Neurogenetics and genetic and genomic testing

Jacinda B Sampson MD PhD (

Dr. Sampson of Stanford University is a co-investigator for clinical trials sponsored by Bristol Meyers Squibb, Expansion therapeutics, PTC Therapeutics, and Sarepta.

)
Jill Goldman MS MPhil CGC (Jill Goldman of Columbia University Medical School has no relevant financial relationships to disclose.)
Aravindhan Veerapandiyan MD, editor. (

Dr. Veerapandiyan of University of Arkansas for Medical Sciences has no relevant financial relationships to disclose.

)
Originally released September 27, 2013; last updated October 7, 2019; expires October 7, 2022

Overview

Neurogenetics encompasses heritable disorders in all the subspecialties of neurology and is an ever-growing field. New technologies such as next-generation sequencing (including whole exome or whole genome sequencing) are expanding testing options, discovering new mutations, and creating challenges in counseling, interpreting, and reporting results to the patient. Yet, next-generation sequencing does not detect many neurogenetic disorders. This article summarizes the types of genetic tests currently available and the resources for choosing appropriate and economical testing are discussed.

Key points

 

• Deciding on the genetic tests to order can be simplified by narrowing the differential diagnosis and defining the patient's phenotype.

 

• Next-generation sequencing of the whole exome is useful for testing for multiple candidate genes simultaneously or for discovering new, rare disorders.

 

• Whole exome sequencing is not suitable for detecting polynucleotide repeat disorders or large insertion/deletions.

 

• Genetic counseling, informed consent, and insurance preauthorization must be obtained before performing genetic testing.

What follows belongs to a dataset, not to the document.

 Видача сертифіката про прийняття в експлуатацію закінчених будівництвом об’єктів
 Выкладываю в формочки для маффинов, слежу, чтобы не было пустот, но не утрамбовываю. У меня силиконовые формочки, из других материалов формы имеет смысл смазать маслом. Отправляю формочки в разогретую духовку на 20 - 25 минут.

Historical note and terminology

Genetic disorders affecting the nervous system typically present first to the general neurologist at any point in the patient's lifespan. Neurogenetic disorders are a component of every neurologic subspecialty. The heritable nature of certain neurogenetic disorders was appreciated well before the discovery of DNA. Diagnosis by biochemical assays for metabolic and enzymatic defects, or histologic changes on muscle biopsy well preceded the description of DNA. Indeed, the precedent for treatment of neurogenetic disorders with metabolic defects began before clinical genetic tests became available.

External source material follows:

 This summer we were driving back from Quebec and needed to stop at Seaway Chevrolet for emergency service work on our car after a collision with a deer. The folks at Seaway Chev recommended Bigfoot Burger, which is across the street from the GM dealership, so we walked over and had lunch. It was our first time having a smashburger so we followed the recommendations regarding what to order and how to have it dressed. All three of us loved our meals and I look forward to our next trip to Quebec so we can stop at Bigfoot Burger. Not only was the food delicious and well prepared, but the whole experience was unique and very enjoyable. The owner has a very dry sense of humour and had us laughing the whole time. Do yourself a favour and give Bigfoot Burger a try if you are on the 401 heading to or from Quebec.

Table 1. Timeline of Therapies of Neurogenetic Disorders

Year therapy
reported

Disease

Symptom

Intervention

1930a

Phenylketonuria

Cognitive decline

Dietary restriction, phenylalanine (Alonso-Fernandez and Colon 2009)

1965

Porphyria

Episodic neurologic symptoms-including seizure, neuropathy

Avoidance of precipitating medications (Granick 1966)

1972

Wilson disease

Neurodegeneration, liver failure

Chelation therapy (Walshe 1973)

1982

Metachromatic leukodystrophy

Cognitive decline, neuropathy

Bone marrow transplant (Bayever and Ladisch 1985)

1994

Duchenne muscular dystrophy

Muscle degeneration, cardiomyopathy

Corticosteroids (Karpati and Acsadi 1994)

1998

Fabry disease

Stroke, cardiomyopathy, renal failure

Enzyme replacement (Schiffmann et al 2001)

1999

Pompe disease

Respiratory failure from muscular dystrophy

Enzyme replacement (Amalfitano et al 2001)

2015

Nonsense-mediated Duchenne muscular dystrophy

Slow decline in walking speed

Ataluren (Bushby et al 2014; Haas et al 2015)

2016

Exon 51-skip amenable Duchenne muscular dystrophy

Increased dystrophin expression

ExonDys51 (Mendell et al 2013)

2016

Spinal muscular atrophy

Increased survival motor neuron (SMN) expression

Nusinersen (Finkel et al 2017)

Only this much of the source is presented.